Description
ifelse() function allows to filter the values in a vector through a series of tests, each of them producing different actions in case of a positive result. For instance, let xx
be a data.frame, as follows:
xx <- data.frame(a=c(1,2,1,3), b=1:4)
xx
a b
1 1
2 2
1 3
3 4
Suppose that you want to create a new column, c, from column b, but depending on the values in column a in the following way:
For each row,
- if the value in column a is 1, the value in column c, is the same value in column b.
- if the value in column a is 2, the value in column c, is 100 times the value in column b.

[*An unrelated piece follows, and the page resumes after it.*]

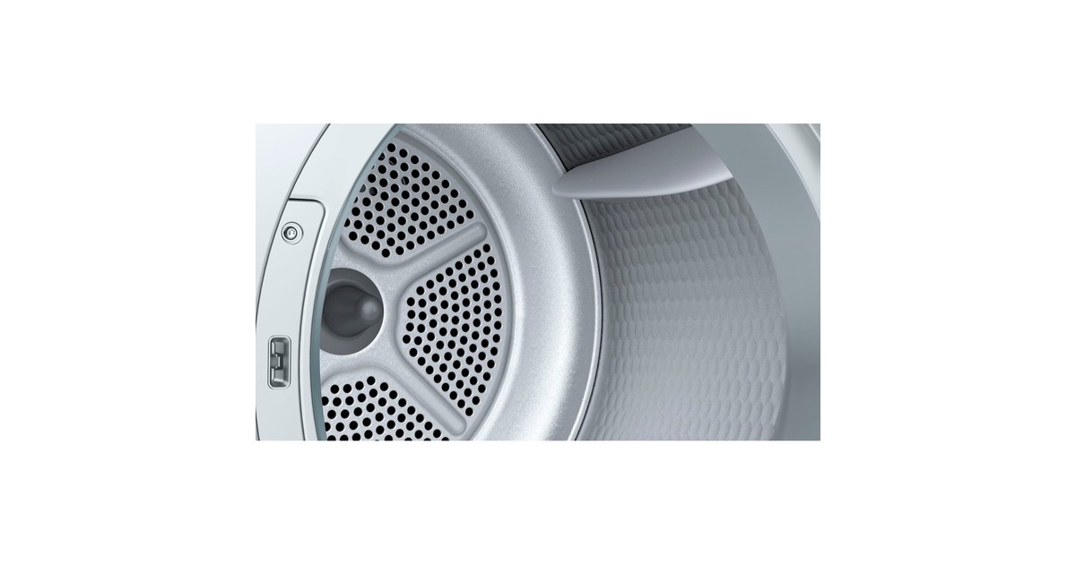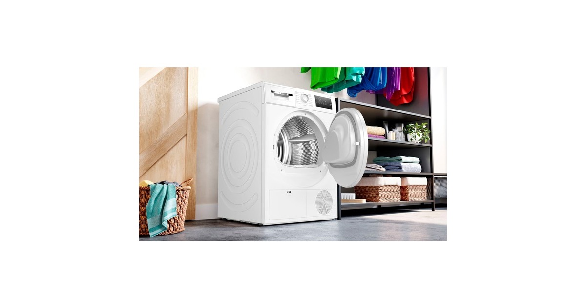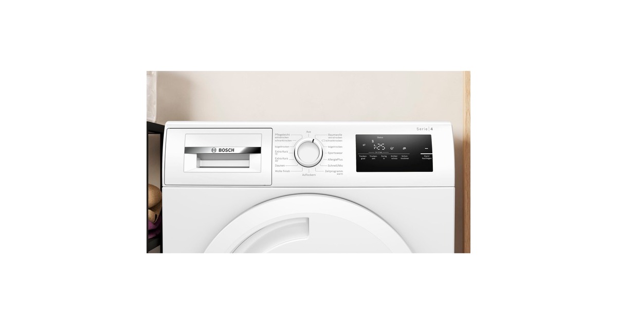 Der Bosch WTN83203 Serie 4 Kondensationstrockner bietet eine Nennkapazität von 8 kg Baumwolle und eine Energieeffizienzklasse B (A+++ - D) bei einem jährlichen Verbrauch von 560 kWh. Der Trockner ist in Weiß erhältlich und verfügt über LCD-Tasten zur Bedienung sowie eine Startzeitvorwahl. Das Display zeigt den Programmablauf an und informiert über volle Behälter oder gereinigte Siebe. Mit verschiedenen Programmen wie Allergie Plus/Hygiene, Daunenbekleidung, Mix, Shirts 15, Sportswear, Super 40, Wolle Finish sowie Zeitprogramm kalt/warm bietet dieser Trockner zahlreiche Optionen für unterschiedliche Materialien und Anforderungen. Ein Signal am Ende des Programms ist sowohl akustisch als auch optisch, während die Knitterschutzfunktion Faltenbildung reduziert. Das Gerät ist ein Frontlader mit rechtem Türanschlag und der Trockner ist säulenfähig für platzsparende Montage im Zuhause. Besondere Features wie die Nachlegefunktion und der Feuchtigkeitssensor machen den Bosch WTN83203 Serie 4 zu einem praktischen und benutzerfreundlichen Trockner mit hoher Leistungsfähigkeit.Art.-Nr.: 100022028

- in any other case, the value in column c is the negative of the value in column b.
Using ifelse(), a solution could be:
xx$c <- ifelse(xx$a==1, xx$b,
ifelse(xx$a==2, xx$b*100,
-xx$b))
xx
a b c
1 1 1
2 2 200
1 3 3
3 4 -4
Problem 1
An aesthetic problem arises when the number of tests increases, say, four tests:
xx$c <- ifelse(xx$a==1, xx$b,
ifelse(xx$a==2, xx$b*100,
ifelse(xx$a==3, ...,
ifelse(xx$a==4, ...,
...))))
I found partial solution to the problem in this page, which consists in the definition of the functions if.else_(), i_(), e_(), as follows:
library(lazyeval)
i_ <- function(if_stat, then) {
if_stat <- lazyeval::expr_text(if_stat)
then <- lazyeval::expr_text(then)
sprintf("ifelse(%s, %s, ", if_stat, then)
}
e_ <- function(else_ret) {
else_ret <- lazyeval::expr_text(else_ret)
else_ret
}
if.else_ <- function(...) {
args <- list(...)
for (i in 1:(length(args) - 1) ) {
if (substr(args[[i]], 1, 6) != "ifelse") {
stop("All but the last argument, need to be if.then_ functions.", call. = FALSE)
}
}
if (substr(args[[length(args)]], 1, 6) == "ifelse"){
stop("Last argument needs to be an else_ function.", call. = FALSE)
}
args$final <- paste(rep(')', length(args) - 1), collapse = '')
eval_string <- do.call('paste', args)
eval(parse(text = eval_string))
}
In this way, the problem given in the Description, can be rewritten as follows:
xx <- data.frame(a=c(1,2,1,3), b=1:4)
xx$c <- if.else_(
i_(xx$a==1, xx$b),
i_(xx$a==2, xx$b*100),
e_(-xx$b)
)
xx
a b c
1 1 1
2 2 200
1 3 3
3 4 -4
And the code for the four tests will simply be:
xx$c <- if.else_(
i_(xx$a==1, xx$b),
i_(xx$a==2, xx$b*100),
i_(xx$a==3, ...), # dots meaning actions for xx$a==3
i_(xx$a==4, ...), # dots meaning actions for xx$a==4
e_(...) # dots meaning actions for any other case
)
Problem 2 & Question
The given code apparently solves the problem. Then, I wrote the following test function:
test.ie <- function() {
dd <- data.frame(a=c(1,2,1,3), b=1:4)
if.else_(
i_(dd$a==1, dd$b),
i_(dd$a==2, dd$b*100),
e_(-dd$b)
) # it should give c(1, 200, 3, -4)
}
When I tried the test:
test.ie()
it spit the following error message:
Error in ifelse(dd$a == 1, dd$b, ifelse(dd$a == 2, dd$b * 100, -dd$b)) :
object 'dd' not found
Question
Since the if.else_() syntactic constructor is not supposed to run only from the console, is there a way for it to 'know' the variables from the function that calls it?
Note
In "Best way to replace a lengthy ifelse structure in R", a similar problem was posted. However, the given solution there focuses on building the table's new column with the given constant output values (the "then" or "else" slots of the ifelse() function), whereas my case addresses a syntactic problem in which the "then" or "else" slots can even be expressions in terms of other data.frame elements or variables.